236 Acre Park on The Chesapeake Bay in Maryland, US

Downs Park is located in Pasadena, Anne Arundel County, Maryland, United States. The park consists of 236 acre and spans around 2,000 ft of shoreline. It is operated by Anne Arundel County Recreation and Parks and is open year-round. Organizations using the park include the Friends of Downs Park, Garden Volunteers, Volunteers-in-the-Park and the Downs Park Quilters Guild.

==History==
The land that makes up Downs Park changed hands several times in the 1700s and 1800s, before finally winding up in the possession of H.R. Mayo Thom, a tobacco importer. He used the property to create what was known as the Rocky Beach Farm, which included a mansion for his family, along with several cottages for his friends and workers. Most of this development is now gone, though some remnants still remain, with pavilions standing where vacation homes once were.

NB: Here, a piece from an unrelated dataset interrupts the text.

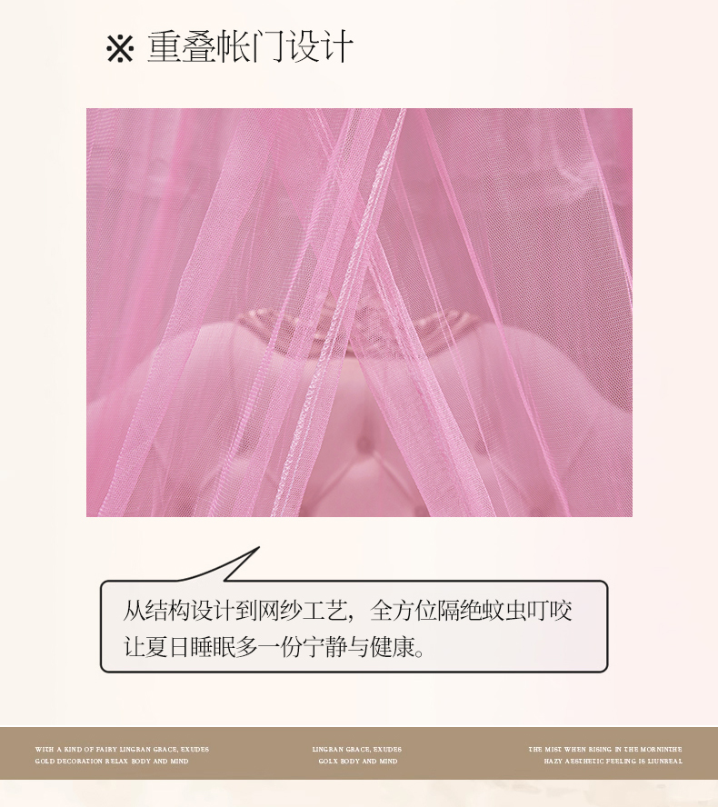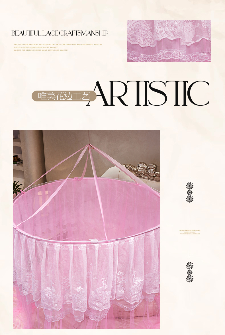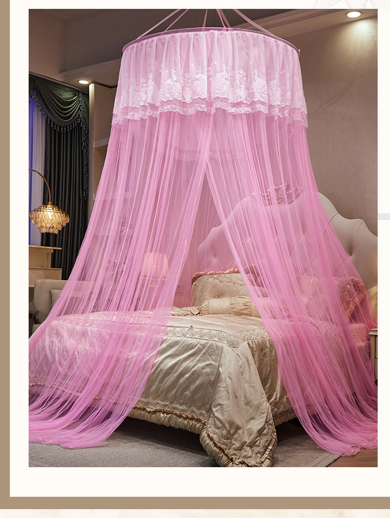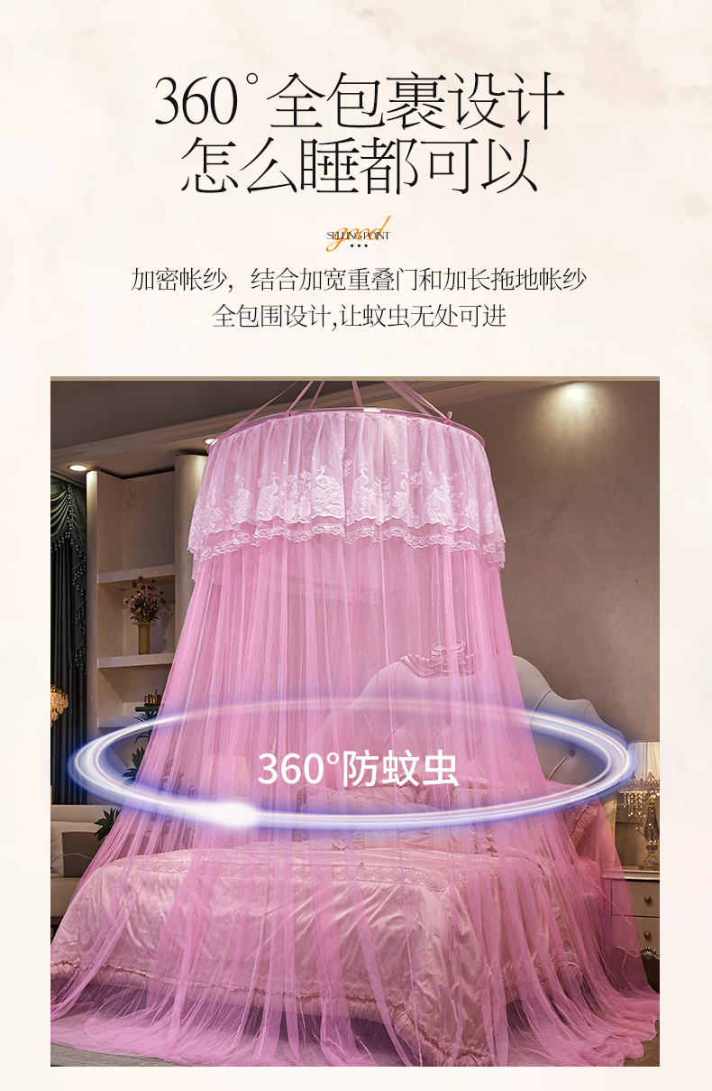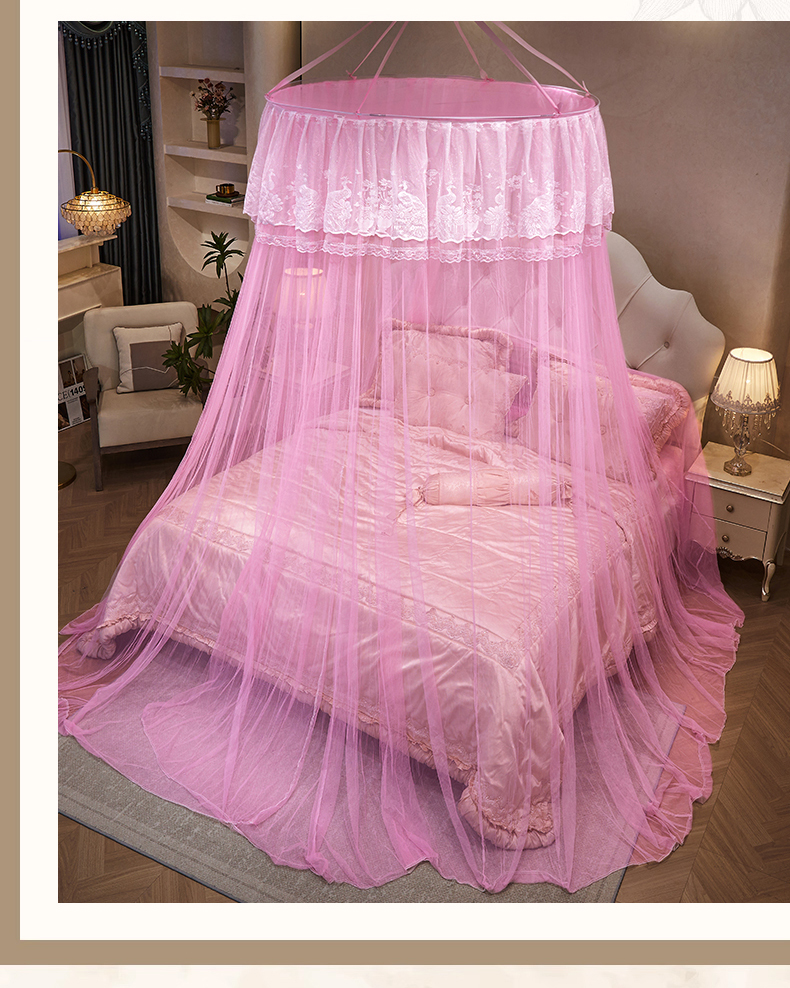 舞夜盛世 2026新款圆顶吊床款唯美浪漫双层小花边蚊帐 Y-01-粉色

In 1977 the county purchased the farm and developed the land into Downs Park. On July 1, 1982, the park opened to the public.

==Amenities==

=== Dog beach ===

The dog beach can be found in the northeastern part of the park.

=== Mother's Garden ===

This Victorian-style garden was built in 1915 for Helen Hopkins Thom, and was maintained until sometime in the 1960s. When the park opened in 1982, volunteers revitalized the aged garden and it has since become a popular spot for weddings.

=== Pavilions ===

The park contains three pavilions which can accommodate around 100 people, and one small pavilion that can accommodate around 50 people.

=== Sports ===

The park has two basketball courts.

=== Trails ===

The park contains five miles of paved and natural trails.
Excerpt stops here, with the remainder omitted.